For autodiff=false, that’s just the forward-mode automatic differentiation of the Jacobian for the stiff ODE solver. It can help avoid numerical errors but it doesn’t make a major difference in compute time. Here’s some examples:

So while I do want to fix that quirk, it’s not a major factor.

Hi @mbossart. I am facing similar issues. So I am wondering if you were able to solve it. Can you provide an update here? Thanks.

What’s your example?

@ChrisRackauckas In my example, I am trying to build a UDE for a system consisting of 5 ODEs with complex, time-varying parameters. The code runs but the loss values barely change with number of iterations.

What are the gradients you’re getting? Did you manually normalize them?

@ChrisRackauckas How do I check the gradients? I have normalized the dependent variables in the ODEs

Just use Zygote.gradient.

Thanks. I will do so.

@ChrisRackauckas I checked the gradients of the loss function with respect to the parameters of the neural network before training and after training. After training is when the loss values begin to saturate at a particular value and this usually happens in less than 100 iterations. In the first case, the gradients are in the range of 10^(-7) to 10^(-5), and in the second case the gradients are in the range of 10^(-11) to 10^(-11). I now understand that with these small gradients the parameters are not being updated, and is the reason for the loss values getting saturated. Could you please share any tips on how to avoid this and get the solver to obtain the right solution?

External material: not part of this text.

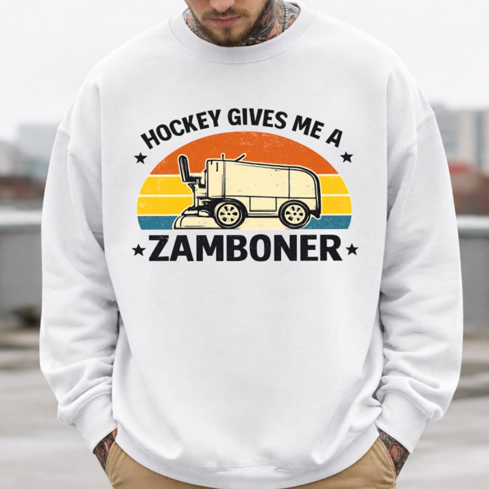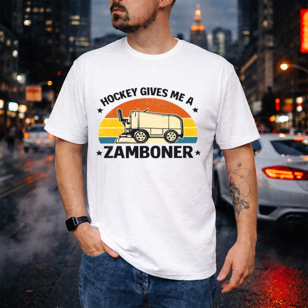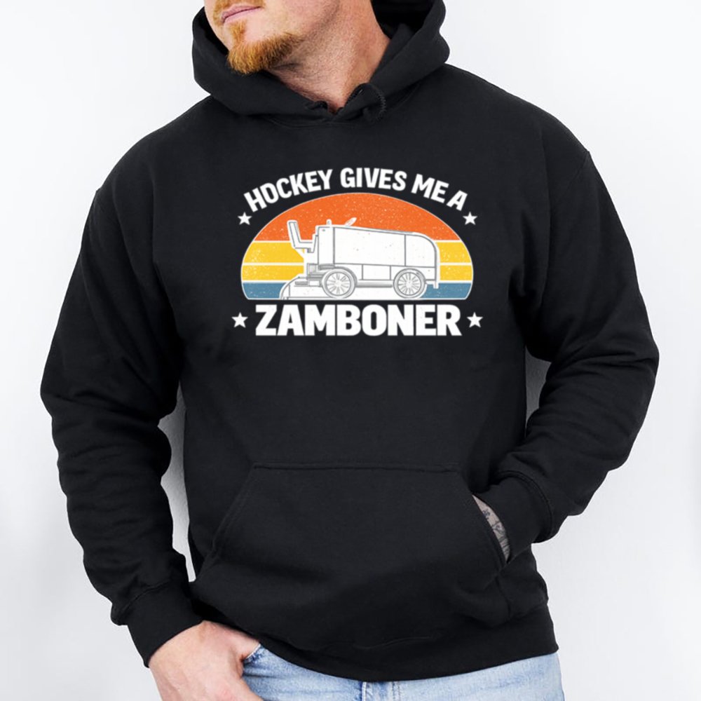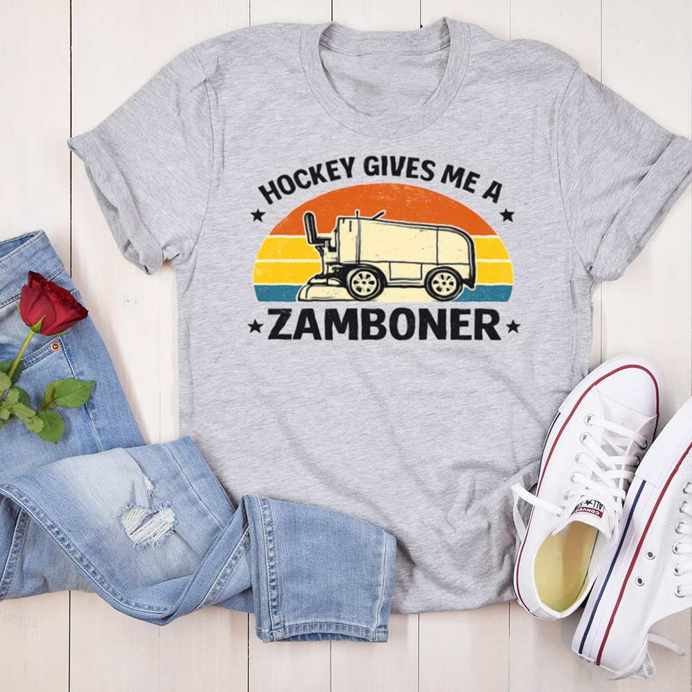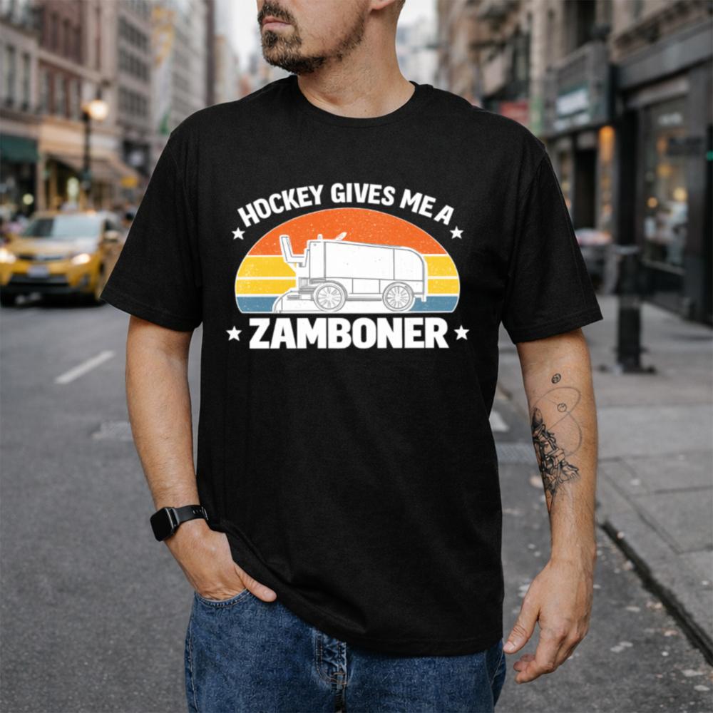 Let’s face it hockey fans are a different breed. And this Hockey Gives Me a Zamboner Funny T-Shirt is made just for those who like their jokes as bold as their slap shots. With a classic Zamboni, vintage sunset stripes, and one hilariously inappropriate pun, it’s guaranteed to get laughs (and maybe a few raised eyebrows).

@ChrisRackauckas I observed another thing in my results. The parameters of the neural network when initialized are in the range of (-1, 1). But after 100 iterations of training they become very small i.e. to the order of 10^(-7). And the learning rate is 0.1.

That’s indicative of a local minimum. What does the local minimum look like?

What does the minimum look like?

Very poor. The loss value barely changes from the 1st iteration.

All of them are relatively the same size? Did you try multiple shooting approaches or follow Strategies to Avoid Local Minima · DiffEqFlux.jl ?

I tried the iterative growing of fits approach, and the use of allow_f_increases=true. Neither were helpful. To simplify the problem, I just used two data points. One as the initial condition and the other as the state of the system at the next time step. Even for a simple problem of this size, the solver keeps getting stuck at the local minima. I checked my model numerous times to see if there is a mistake in the equations but I did not find any. The solver is able to solve the equations.

Yeah alright. I may need to take a deeper look here. I mention at the end of [2103.15341] Stiff Neural Ordinary Differential Equations that DAEs can sometimes (but not always) exhibit stranger behavior than ODEs, and I have seen an example of this before, but I’m not quite sure what it is… it’s not a simple thing though and more of a longer term research project.

Sorry. I forgot to mention. My problem consists of multiple ODEs but not a DAE.

@saadfaizan Do you have a MWE that you can share? I have been working recently as well to avoid local minima in my training problem. My problem is in fact a DAE. I’m surprised that with just two data points you are still having issues with a local minima. I similarly have not had much luck with the iterative growing of fits approach. Might be worthwhile to have a call and discuss strategies.

In my experience these problems are very sensitive to the initial profile of the network. You could try to precondition it with a wisely guessed profile or a set of random ones adequate for the problem (like distinct scaled polynomials) and start the real training afterwards. Similar to a multistart method but with multiple initial guesses for the NN(t,x) map.